Members like California’s Democratic Representative Jackie Speier, who urged Google to consider banning RT from YouTube. When Google general counsel Kent Walker explained, after “careful review” of RT’s practices, he had found no “violations of our policies against hate speech and incitement to violence and the like,” Speier insisted with the expected justification: She said the network is “a propaganda machine,” and “an arm of one of our adversaries.”

For the sake of hypothetical argument, let’s toy with this little string board observation, and give RT critics the steel-man that the outlet is indeed fake news… for government to legislate what is approvable, authentic news, and the outlets that present it, wouldn’t they themselves be engaging in propaganda?

Allowing for the competition of smears of the cold war variety?

And don’t these legislative demands, which nearly forced RT America’s removal from the country and the arrest of its journalists, take the governmental knife to the freedom of the (problematic) press?

Critics of Russia always love to point out President Vladimir Putin arrests and kills his journalists. This is true. He is authoritarian through and through.

But can America, with these kind of actions, consider themselves so innocent?

And again, this is assuming the entire outlet, which has a plethora of American journalists from progressive to conservative, is propaganda.

Abby Martin RT

Speaking to The Jimmy Dore Show, former RT journalist Abby Martin, who describes herself as an “anti-imperialist progressive,” said she “criticised Putin on air” during the Russian interventions in Ukraine and Syria, two of the most controversial moments in the government’s foreign policy.

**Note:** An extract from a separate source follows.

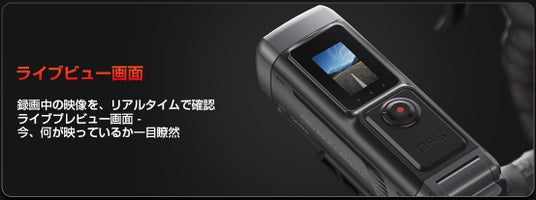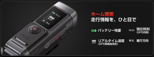 スワイプ操作対応のディスプレイをカメラ本体に搭載。Wi-Fi・GPS・解像度などの設定をスマートフォンアプリを開かずにその場で変更できます。GPS連動によるリアルタイム速度・進行方向表示にも対応しています。

“They are doing everything in their power to make it impossible to operate as a network,” she continued. “That’s why I was at RT. When the Iraq War was happening — I wondered why is the media selling us this? It takes everyone a little while to realize how controlled the entire system is. It’s not just Republicans. It’s not just Democrats. But I think the future of journalism is with us. People declaring objectivity is dead. We don’t need Monsanto’s press release compared to the facts of who’s poisoned by Monsanto. We can talk to the victims ourselves. It starts with networking.”

Very few networks are jumping to RT’s defense. Twitter recently announced a ban on all advertising by RT and Sputnik. Facebook has sworn allegiance to the American government, willing to impose “sweeping changes” as to curate their platform in a way where people won’t be “[using] our tools to undermine democracy.” Whereas The Washington Post calls Trump’s criticisms of the media “frankly disgusting,” arguing he is the threat to the freedom of the press, their coverage on RT’s registration has concluded the same result as the intelligence officials: that RT “push relentlessly anti-American propaganda at the behest of the Russian government.”

Where is the defense of the Russian press? Or just the American press who work for a problematic outlet? Is “press freedom” only a tool the mainstream media use to attack the president and defend themselves?